Only hit this error when installing Balloon Service via virtio-win-gt-x64.Could not reproduce via 'blnsvr.exe -i'.
But I didn't have CPU spikes when get this error.
We will track this issue internally.
Thanks.

I came here trying to track down the 0x80041032 I saw flooding my event log. As a datapoint, Microsoft has this to say on the cause of this error:

WMI-Activity Error 5858 with ResultCode = 0x80041032 (WBEM_E_CALL_CANCELLED) indicates that the WMI caller has successfully issued IWbemServices:ExecQuery, but has released the IWbemContext object before retrieving the full result set using the IEnumWbemClassObject::Next method. If the WMI service is still holding data for the client when the client terminates the link (by releasing the IWbemContext object), this event will be logged.

(source: https://learn.microsoft.com/en-us/troubleshoot/windows-client/system-management-components/wmi-activity-event-5858-logged-with-resultcode-0x80041032)

I noticed that enumerator does not get enumerator->Release() called before going out of scope (at least, as far as I can see: I'm no C++ guru). Maybe that omission causes the events?

I do not have an environment in which I can build the exe, but I'd be happy to test it if it becomes available.

@kostyanf14 please check the last comment

@driehuis

The enumerator variable

CComPtr< IEnumWbemClassObject > enumerator;
is a CComPtr object. CComPtr is a smart pointer. According to Microsoft docs, we should not call enumerator->Release()

Ah, so it was my limited C++ knowledge after all :-) I'll see if I can build the binary and toy with it to see if I can isolate the problem, seeing that I seem to be able to reproduce the issue easily.

@driehuis

You need Windows 10+/Windows Server 2016+ and EWDK Windows 11 21H2 (ISO) to build a binary. Detailed instructions are in the wiki: https://github.com/virtio-win/kvm-guest-drivers-windows/wiki/Building-the-drivers-using-Windows-11-21H2-EWDK

Got it built. Unfortunately, the reboot involved in getting the environment set up seems to have cleared the condition, so I'll first have to wait for the issue to be visible again. Dang.
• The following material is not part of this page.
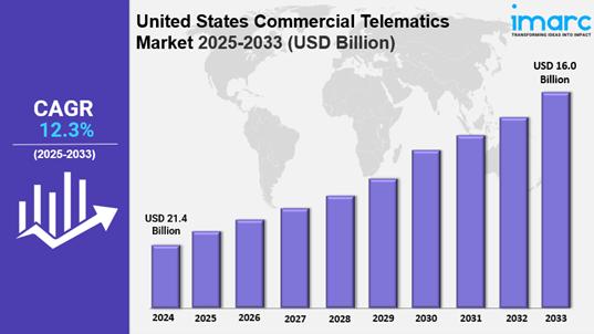IMARC Group has recently released a new research study titled "United States Commercial Telematics Market Report by Type (Solution, Services), System Type (Embedded, Tethered, Smartphone Integrated), Provider Type (OEM, Aftermarket), End Use Industry (Transportation and Logistics, Media and Entertainment, Government and Utilities, Travel and Tourism, Construction, Healthcare, and Others), and Region 2025-2033", offers a detailed analysis of the market drivers, segmentation, growth opportunities, trends and competitive landscape to understand the current and future market scenarios.United States Commercial Telematics Market Overview

The problems I had reproducing the issue were caused by delays in my logging pipeline, so ignore the presumed "clearing of the condition". The Event Viewer shows the issue immediately in the WMI-Activity channel, if you know where to find it. I added some code to consume the entire enumerator, and the problem goes away. If I run my home-built blnsvr.exe without the patch, I reproducibly get a ton of events.
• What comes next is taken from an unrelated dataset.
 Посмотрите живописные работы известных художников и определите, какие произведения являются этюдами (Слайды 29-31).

I can only assume that the WMI API only cleans up its internal context after the entire enumerator is consumed, and randomly throws a hissy fit about it in the event log or not depending on timing.

I'm an old fashioned K&R C coder, so please review pull request #939 without assuming I will do anything right without prodding :-) I have not been able to do any formal testing either.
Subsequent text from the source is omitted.